I did not become a fluent reader until I was nearly 10 years old. I fear the most influential formative influence on my early educational development was the Eagle Comic with its stunning visual cartoon strip ‘Dan Dare’ and elaborate 3D cut away drawings illustrating all that was best in cutting edge 1950’s technology. When it comes to learning styles, I was visually oriented from the outset. Whilst at secondary school, I was introduced to the local Natural History Society and soon became a keen birder and, later, fungus forayer. I soon transferred my academic allegiance from art to biology but still spent a lot of time drawing and painting, mostly of birds and mushrooms. These days my paint box has been swapped for ‘Paint Shop Pro’ (JASC Associates, Eden Prairie MN, USA). It was also fortuitous that my period as an undergraduate and postgraduate student in the late 1960’s and early 1970’s coincided with the time when scanning and transmission electron-microscopy were the ascendant tools then available to biologists. Whilst an undergraduate at Imperial College I had the good fortune to attend a number of stimulating lectures given by the late Professor Irene Manton (Fig. 1). I still vividly remember a seminar in which she described the exquisite microscopic scales produced by chrysophyte algae (Fig. 1). Irene Manton was an eloquent and enthusiastic promoter of the wonders of microscopy (Manton, 1975) and was also an expert and avid art collector (see Peter Scott Gallery web page). Irene Manton undoubtedly inspired me to become an electron-microscopist and throughout my research career I have used microscopy (both electron and light) to study aquatic fungi and algae. In the mid nineteen-eighties, I started a fruitful collaboration with Hilda Canter who worked at the Freshwater Biological Association, Windermere laboratory. Hilda’s photographs of freshwater algae and their parasites are not only technically brilliant but are also stunningly composed, artistic compositions (Canter-Lund and Lund, 1995). So collecting and working with images have been my stock in trade.

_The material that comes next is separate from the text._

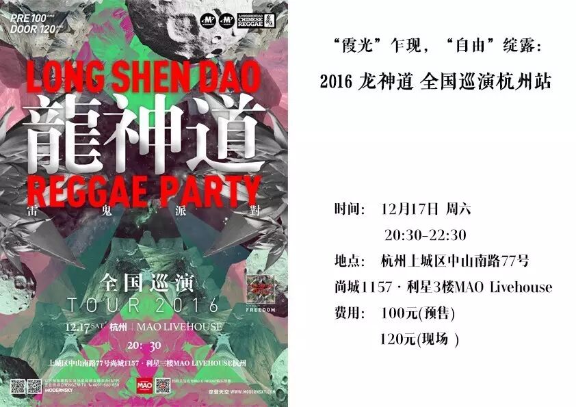 今年4月,龙神道发布了签约摩登天空以来的首张专辑《自由》,时隔半年,横跨11、12两月的龙神道全国巡演宣布正式开启,近二十个城市的乐迷将有机会聆听到现场版的《自由》。同时,这次巡演,也是龙神道自组建以来的首次大规模的全国巡演。

Fig. 1 a) The late Professor Irene Manton (a) was a pioneer electron-microscopist and an eloquent proponent of the art of microscopy. She studied many things including the way chrysophyte algae produced their elaborately sculptured scales. b) Whole mount shadowed transmission electron microscope preparation of the chrysophyte alga, Synura).

A career on the slide.

Traditionally, I suspect the way most of us used our images in teaching was by showing slides using a standard 35mm-slide projector. When I joined Newcastle University as the mycology demonstrator in the mid 1970’s, I was greatly influenced by my colleague Colin Dickinson. He made extensive use of images of fungi in his teaching and had a large collection of teaching slides that he freely shared with me. A decade later, in the mid 1980s, I was appointed to a lectureship where I had the responsibility for teaching ‘cryptogamic botany’ and so had to start acquiring images of lichens, seaweeds and microscopic algae to supplement my mycological portfolio.

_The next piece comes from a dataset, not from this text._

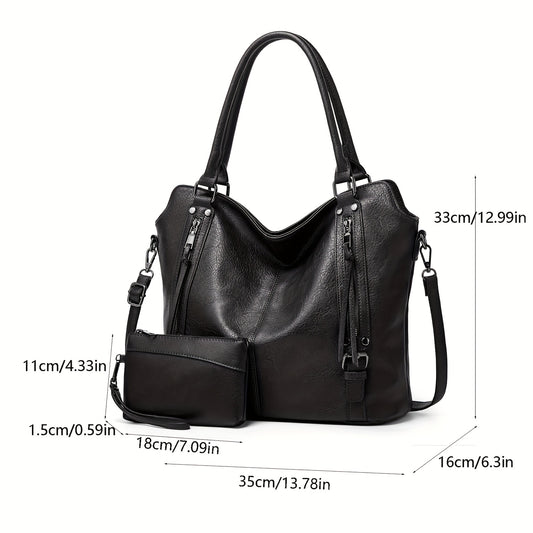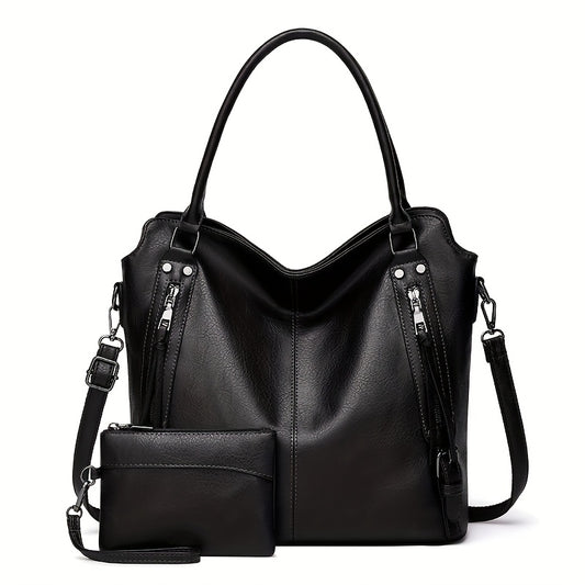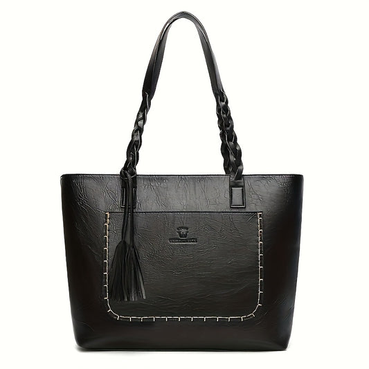 Women's Large Capacity Tote Bag - Elegant -like Handbag with Zipper Closure, Spacious Work Bag for Women, Available in Black/Brown/Red/ - Perfect for Office, Travel, Everyday Use, Sophisticated Design, Sturdy Handle Construct

Fig. 2 Two examples of the preparations of fixed specimens of the red alga Chylocladia and the jellyfish Aurelia, prepared by H.C. Sorby for direct viewing in an early slide projector.

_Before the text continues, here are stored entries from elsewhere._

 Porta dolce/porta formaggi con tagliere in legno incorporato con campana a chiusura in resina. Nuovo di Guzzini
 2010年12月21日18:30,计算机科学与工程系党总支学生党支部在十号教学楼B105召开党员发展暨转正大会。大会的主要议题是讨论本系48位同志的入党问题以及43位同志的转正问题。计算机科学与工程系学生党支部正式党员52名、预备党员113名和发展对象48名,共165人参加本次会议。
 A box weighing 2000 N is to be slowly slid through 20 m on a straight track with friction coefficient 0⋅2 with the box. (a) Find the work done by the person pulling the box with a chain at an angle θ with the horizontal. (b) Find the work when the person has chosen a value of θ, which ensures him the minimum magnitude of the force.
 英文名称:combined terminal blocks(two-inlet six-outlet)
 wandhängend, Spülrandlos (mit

Probably the most curious source of illustrative material of algae that I use in my teaching came from ‘slides’ prepared by the eminent Victorian geologist and biologist H.C. Sorby, who had devised a way of preserving carefully mounted specimens, mostly of small rhodophyte algae and other marine organisms, between 2 × 2 inch glass plates (Fig. 2). He could directly project them using the bulky predecessor of our modern slide projector. There is something strangely compelling about viewing the actual corpse rather than an image of it.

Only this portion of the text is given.